If you just have metrics, then its a single point of failure. so you need another basic "alive" check. for web services most people already have some sort of /__health or other check to allow loadbalancers to work. marrying up the two sources of data allows you to work out if its the service, metrics or loadbalancer thats not working.

guhidalg · on June 27, 2023

This matches my experience in Azure. I'd add a few more:

o Log program inputs, outputs, and state changes.
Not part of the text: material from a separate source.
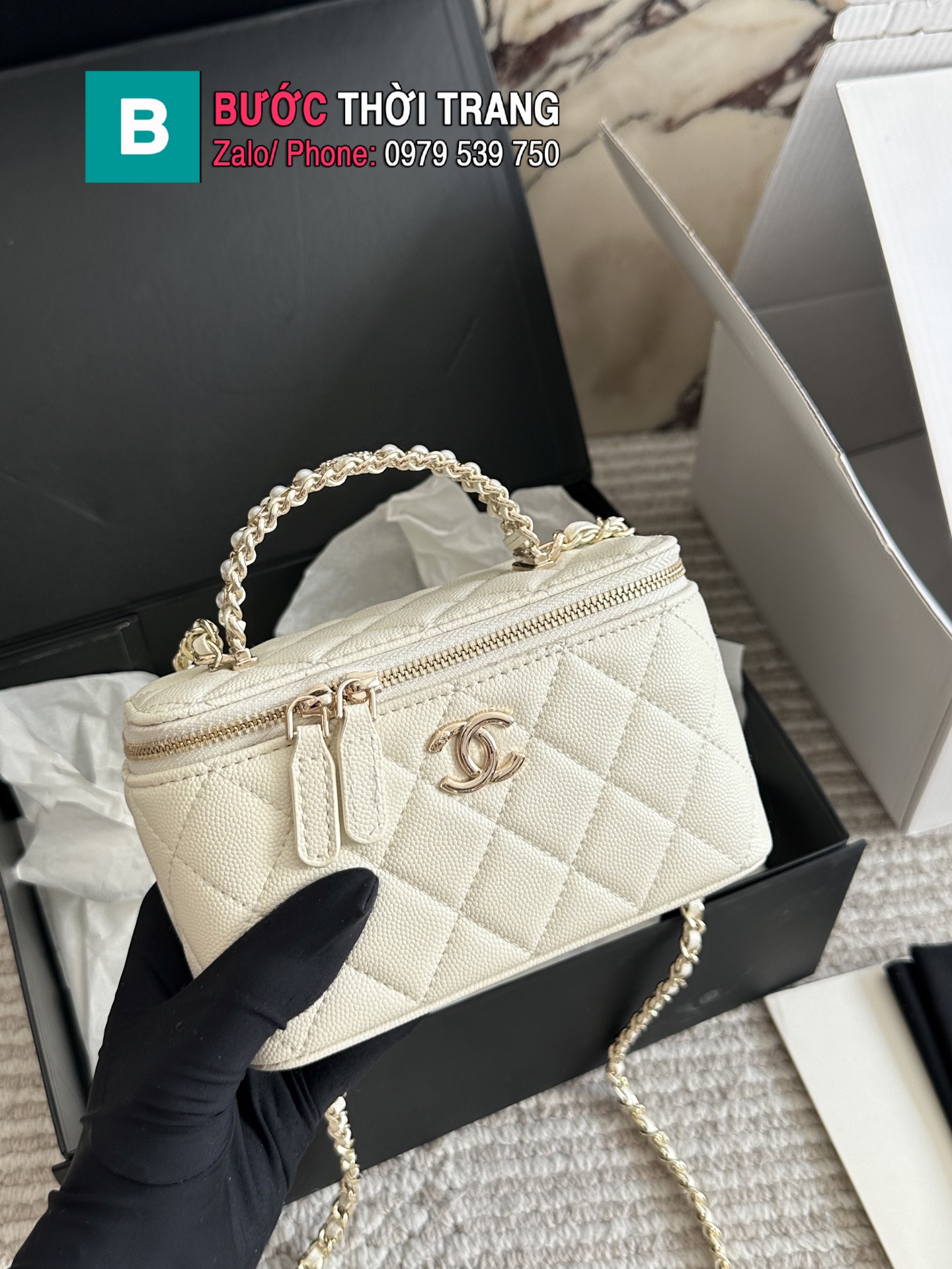 Túi xách đeo chéo CN màu trắng ngà size 19cm da hạt bền bỉ dáng hộp

If you log something like "We are in function X", that's useless without a stack trace showing how we got to that state.

o Assume your developers are going to forgo logging "the right thing" and instrument the ** out of your application infrastructure (request/response processing, DB accesses, 3rd-party API calls, process lifecycle events, etc...).

o Make logging easy. I may get flamed but I think dependency injecting loggers is an anti-pattern. Logging is such a cross-cutting concern that its easier to have a static Logger or Metric object that is configured at startup. You do need some magic to prevent context from spilling from one request to another, but at least C# has these language features (AsyncLocal<T>) and I assume others do too.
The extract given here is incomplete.